### Aim of the exercise:
Word for word, restate the lines of the data below between those holding "Style: Retro Black" and "간편 설치 가능한 진공 수건걸이", inclusive; pictures do not belong in the copy.

### Records to use:
------------------------------------------------------------

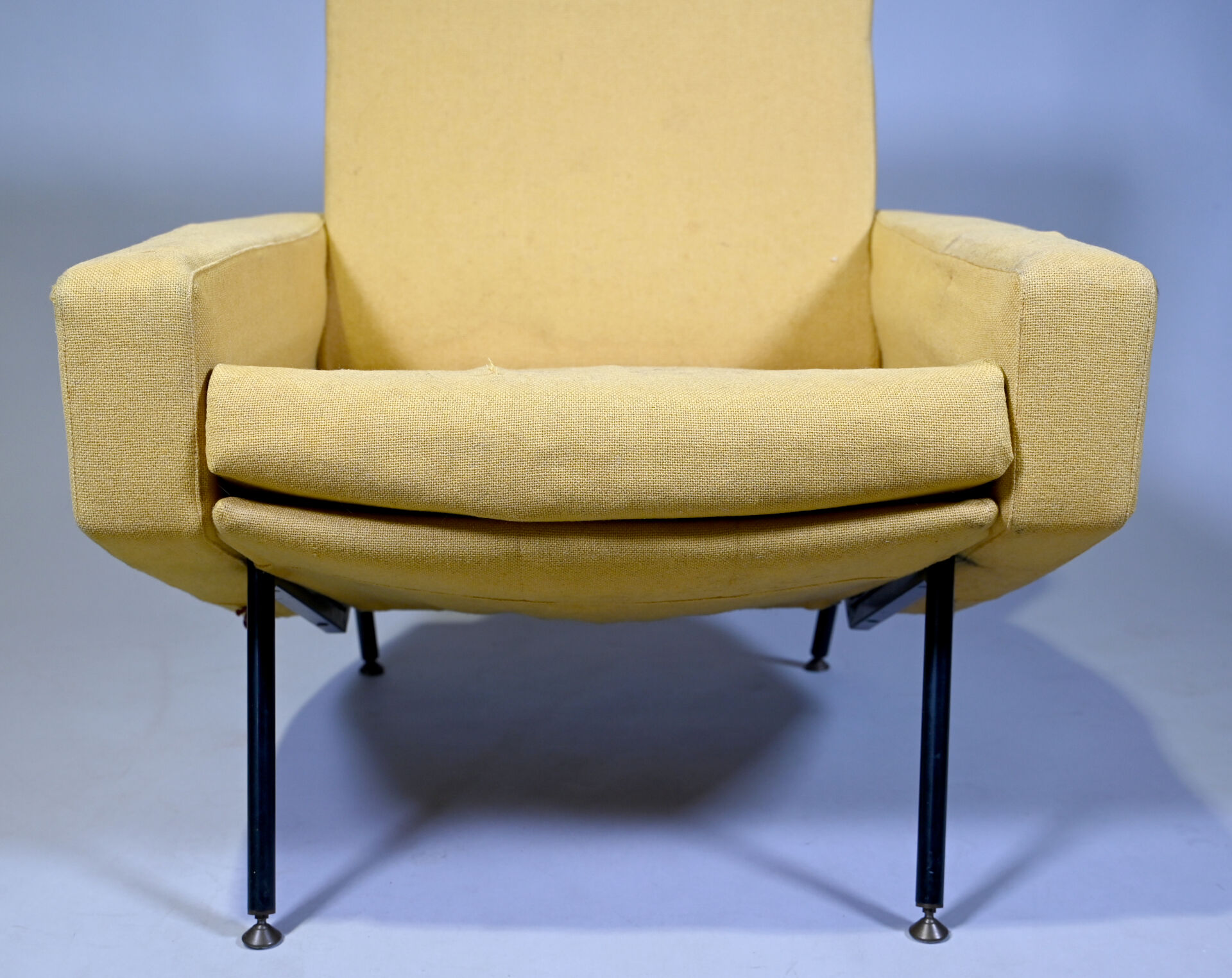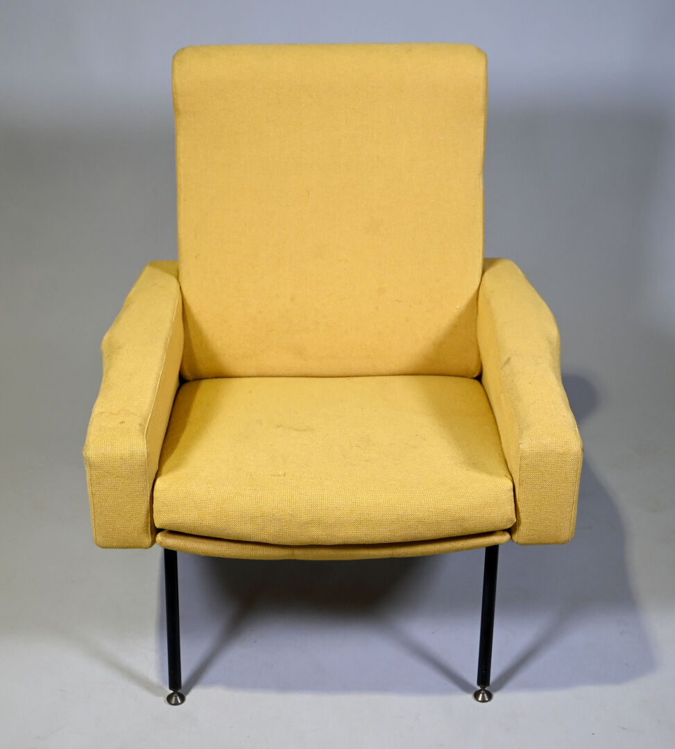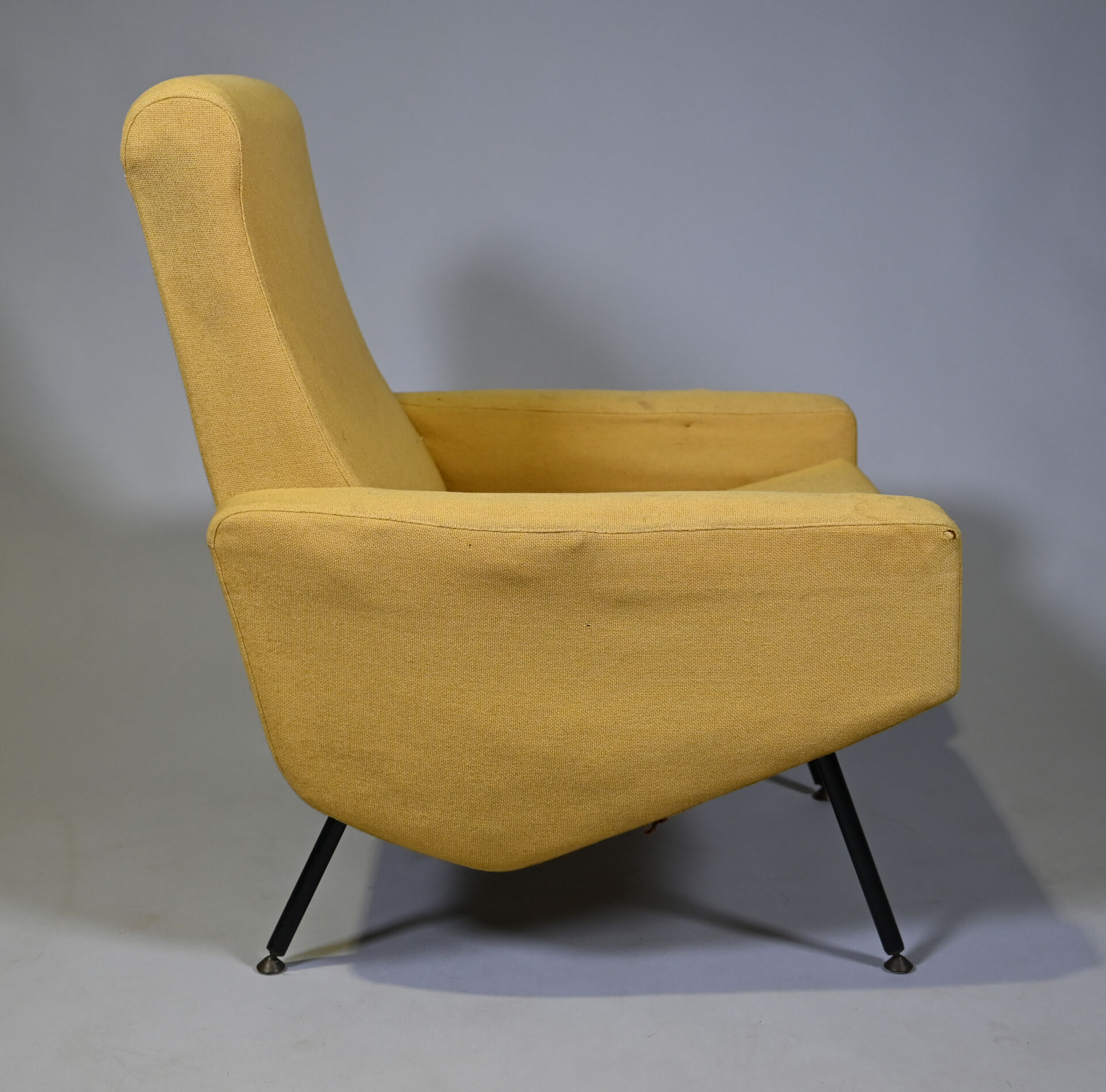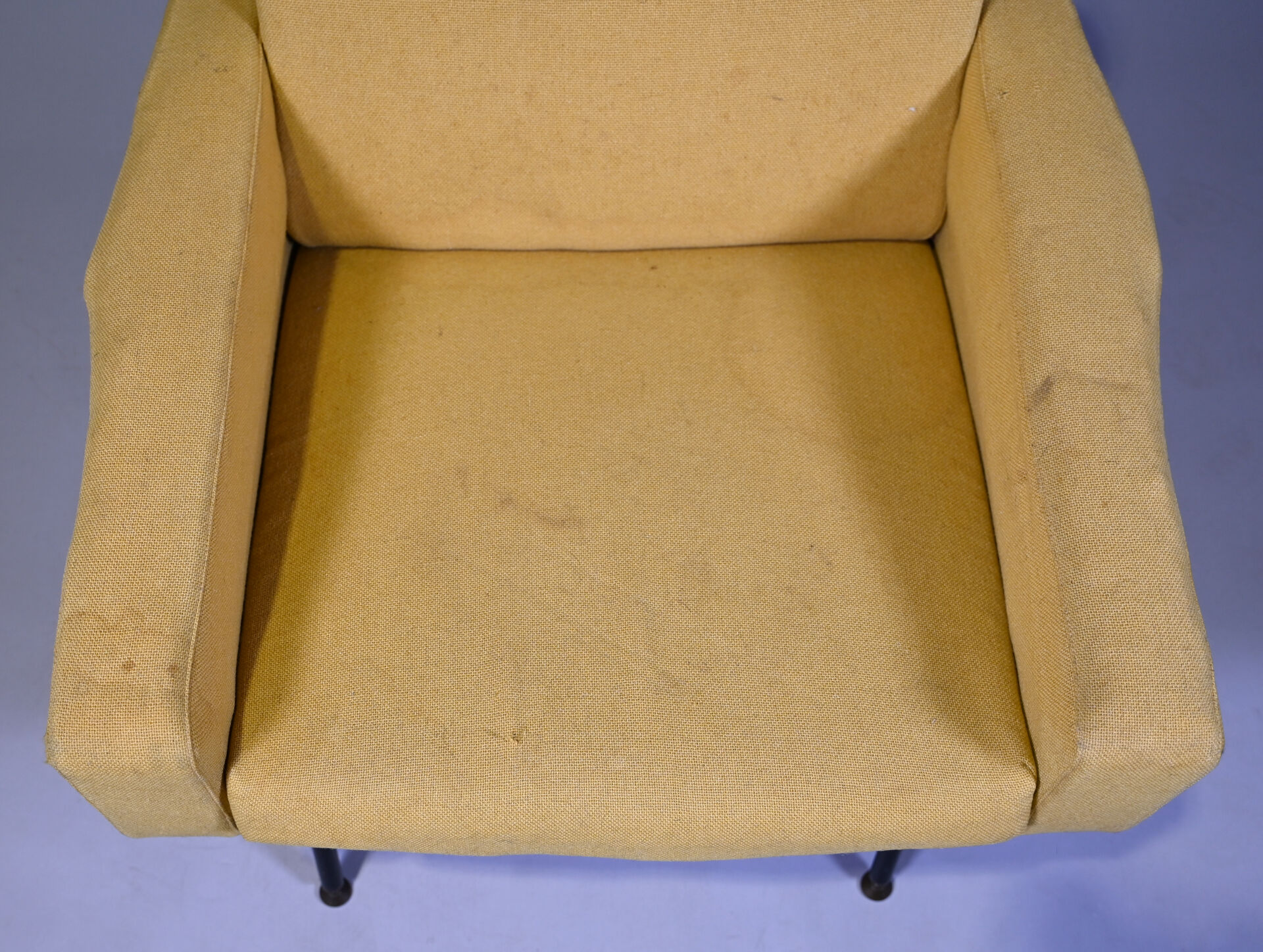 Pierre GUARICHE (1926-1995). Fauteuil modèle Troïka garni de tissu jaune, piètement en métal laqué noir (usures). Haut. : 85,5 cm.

------------------------------------------------------------

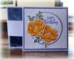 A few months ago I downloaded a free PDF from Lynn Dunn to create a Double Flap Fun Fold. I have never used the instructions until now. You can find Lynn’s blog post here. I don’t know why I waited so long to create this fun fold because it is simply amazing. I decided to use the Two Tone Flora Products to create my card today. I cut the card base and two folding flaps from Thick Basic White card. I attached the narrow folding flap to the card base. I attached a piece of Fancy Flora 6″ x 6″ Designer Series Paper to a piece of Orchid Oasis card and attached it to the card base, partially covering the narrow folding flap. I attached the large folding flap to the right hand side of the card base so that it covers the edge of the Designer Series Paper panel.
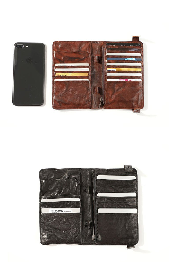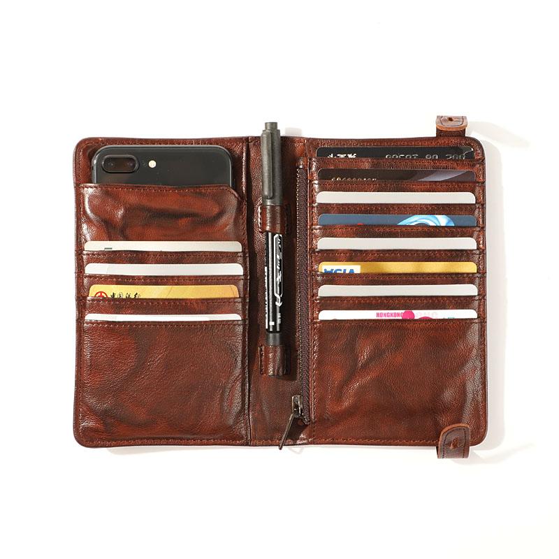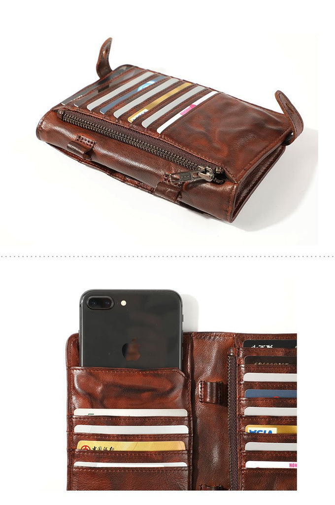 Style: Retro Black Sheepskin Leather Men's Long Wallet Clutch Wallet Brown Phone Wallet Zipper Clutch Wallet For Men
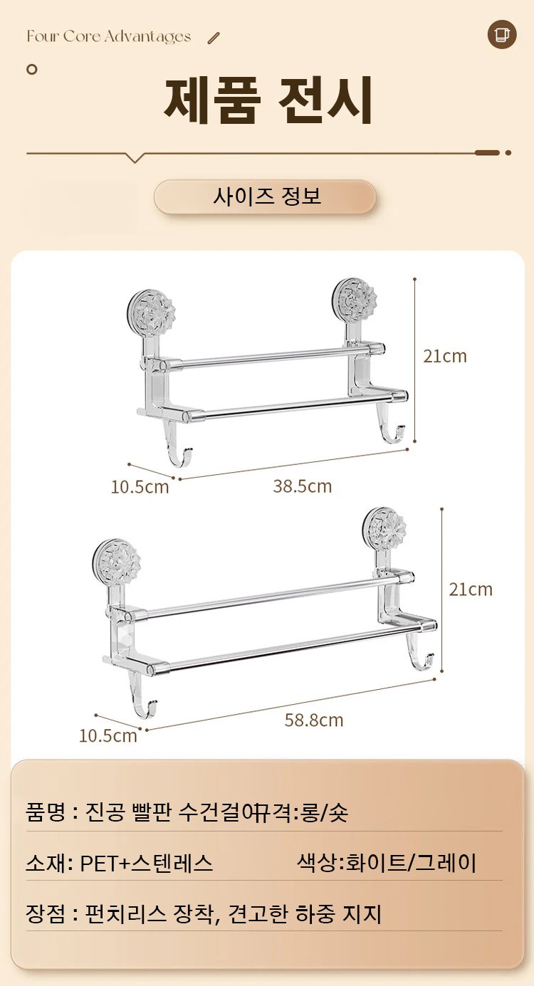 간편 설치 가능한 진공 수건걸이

------------------------------------------------------------

### Exercise solution:
 Style: Retro Black Sheepskin Leather Men's Long Wallet Clutch Wallet Brown Phone Wallet Zipper Clutch Wallet For Men
 간편 설치 가능한 진공 수건걸이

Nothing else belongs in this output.